Abstract:Scene flow represents the 3D motion of every point in the dynamic environments. Like the optical flow that represents the motion of pixels in 2D images, 3D motion representation of scene flow benefits many applications, such as autonomous driving and service robot. This paper studies the problem of scene flow estimation from two consecutive 3D point clouds. In this paper, a novel hierarchical neural network with double attention is proposed for learning the correlation of point features in adjacent frames and refining scene flow from coarse to fine layer by layer. The proposed network has a new more-for-less hierarchical architecture. The more-for-less means that the number of input points is greater than the number of output points for scene flow estimation, which brings more input information and balances the precision and resource consumption. In this hierarchical architecture, scene flow of different levels is generated and supervised respectively. A novel attentive embedding module is introduced to aggregate the features of adjacent points using a double attention method in a patch-to-patch manner.
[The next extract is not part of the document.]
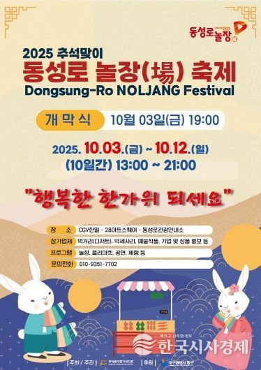 한국시사경제 대구취재본부 | 대구 중구는 10월 3일부터 12일까지 10일간 동성로 보행자전용도로 일원에서 ‘동성로에서 놀며 장보자!’라는 테마로 ‘2025 추석맞이 동성로 놀장(場) 축제’를 개최한다.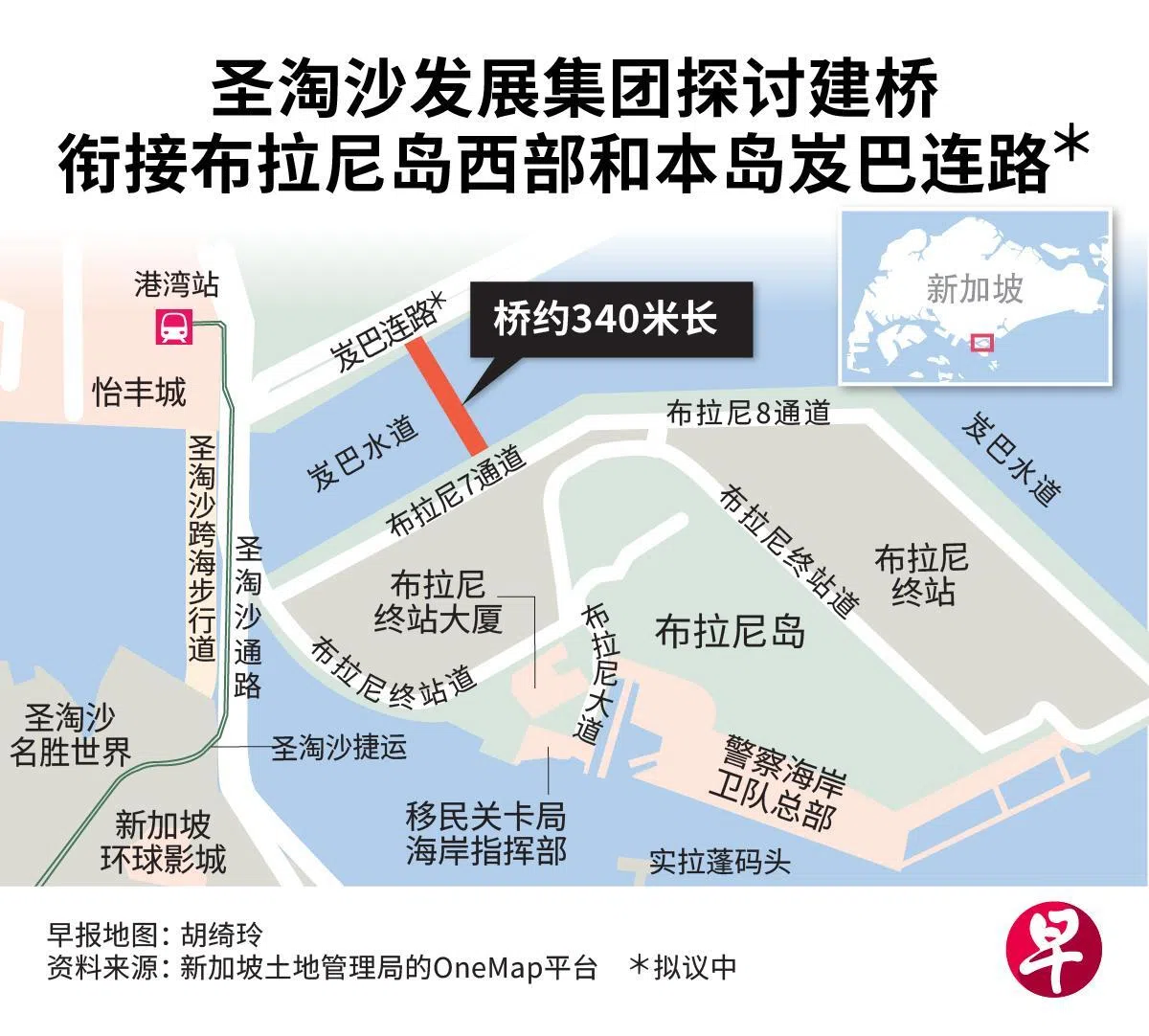 纳入布拉尼岛的圣淘沙重新发展总体规划有了具体的新计划,圣淘沙发展局正探讨建一座新桥,并启用全新的旅客捷运系统,将布拉尼岛西部与本岛的岌巴码头一带连接起来,促进人流往来。

The proper layers for flow embedding and flow supervision are carefully considered in our network designment. Experiments show that the proposed network outperforms the state-of-the-art performance of 3D scene flow estimation on the FlyingThings3D and KITTI Scene Flow 2015 datasets. We also apply the proposed network to realistic LiDAR odometry task, which is an key problem in autonomous driving. The experiment results demonstrate that our proposed network can outperform the ICP-based method and shows the good practical application ability.